» **INSTRUCTIONS FOR THE TASK**: The listing below holds a line with "Catarata e retirava" and a line with "Studio bietet Platz". Reproduce those two lines exactly, plus everything between them.

» **EXTRACTED DATA**:

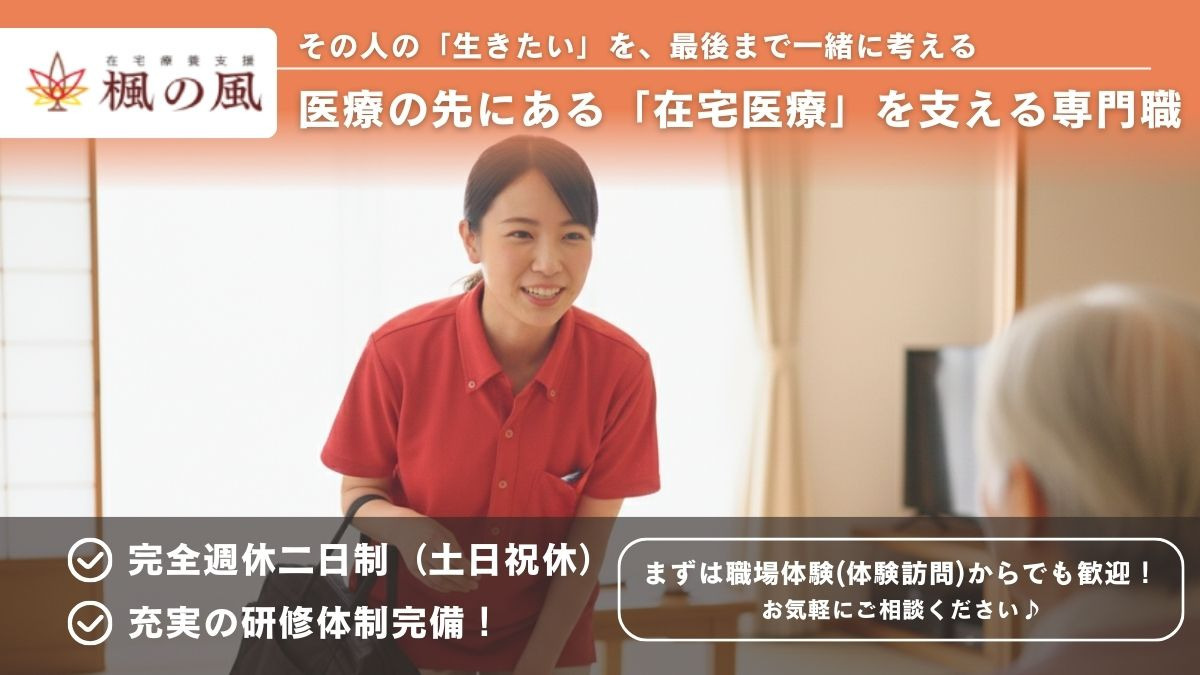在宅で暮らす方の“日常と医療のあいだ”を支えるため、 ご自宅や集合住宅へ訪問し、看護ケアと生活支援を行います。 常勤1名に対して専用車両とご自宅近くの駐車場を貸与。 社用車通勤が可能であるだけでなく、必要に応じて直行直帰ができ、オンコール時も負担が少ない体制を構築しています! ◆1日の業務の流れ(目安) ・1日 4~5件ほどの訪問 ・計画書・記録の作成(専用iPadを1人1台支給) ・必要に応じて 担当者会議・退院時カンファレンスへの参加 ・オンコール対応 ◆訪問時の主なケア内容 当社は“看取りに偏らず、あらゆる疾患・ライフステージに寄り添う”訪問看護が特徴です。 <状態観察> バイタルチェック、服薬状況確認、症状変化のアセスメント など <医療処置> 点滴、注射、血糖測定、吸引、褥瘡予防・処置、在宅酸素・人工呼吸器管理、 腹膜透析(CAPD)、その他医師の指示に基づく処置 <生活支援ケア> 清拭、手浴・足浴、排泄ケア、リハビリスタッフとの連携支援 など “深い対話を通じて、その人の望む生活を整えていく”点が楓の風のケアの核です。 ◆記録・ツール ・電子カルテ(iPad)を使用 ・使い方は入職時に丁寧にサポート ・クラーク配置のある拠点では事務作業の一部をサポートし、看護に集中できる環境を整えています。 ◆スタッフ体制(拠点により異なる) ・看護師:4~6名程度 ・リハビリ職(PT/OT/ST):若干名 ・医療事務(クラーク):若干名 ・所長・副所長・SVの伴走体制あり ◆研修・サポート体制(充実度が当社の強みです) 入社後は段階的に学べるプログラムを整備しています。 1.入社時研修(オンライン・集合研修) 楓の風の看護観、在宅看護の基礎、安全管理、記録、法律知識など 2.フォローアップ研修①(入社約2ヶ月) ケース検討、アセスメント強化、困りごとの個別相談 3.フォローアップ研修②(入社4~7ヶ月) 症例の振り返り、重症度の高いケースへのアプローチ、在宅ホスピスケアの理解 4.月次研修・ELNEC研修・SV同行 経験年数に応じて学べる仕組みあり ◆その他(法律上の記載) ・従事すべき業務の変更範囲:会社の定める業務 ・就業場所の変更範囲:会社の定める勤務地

---

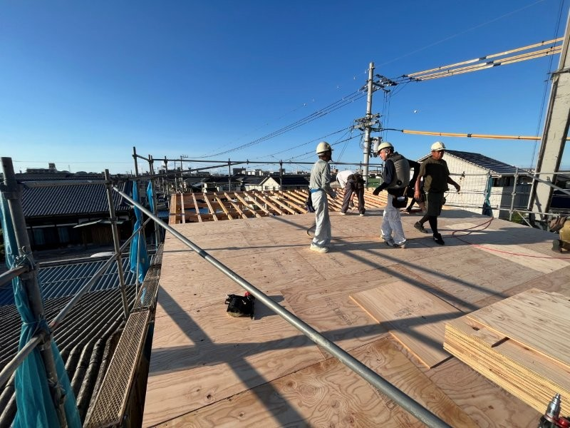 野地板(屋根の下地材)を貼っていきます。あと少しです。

--

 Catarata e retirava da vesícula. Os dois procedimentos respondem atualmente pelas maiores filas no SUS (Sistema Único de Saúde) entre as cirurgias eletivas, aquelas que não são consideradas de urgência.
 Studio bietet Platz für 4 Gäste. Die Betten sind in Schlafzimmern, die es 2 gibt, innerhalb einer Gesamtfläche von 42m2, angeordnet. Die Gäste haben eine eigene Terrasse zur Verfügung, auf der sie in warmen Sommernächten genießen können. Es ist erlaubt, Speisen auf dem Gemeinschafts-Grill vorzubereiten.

» **ANSWER TO THIS PROBLEM**:
 Catarata e retirava da vesícula. Os dois procedimentos respondem atualmente pelas maiores filas no SUS (Sistema Único de Saúde) entre as cirurgias eletivas, aquelas que não são consideradas de urgência.
 Studio bietet Platz für 4 Gäste. Die Betten sind in Schlafzimmern, die es 2 gibt, innerhalb einer Gesamtfläche von 42m2, angeordnet. Die Gäste haben eine eigene Terrasse zur Verfügung, auf der sie in warmen Sommernächten genießen können. Es ist erlaubt, Speisen auf dem Gemeinschafts-Grill vorzubereiten.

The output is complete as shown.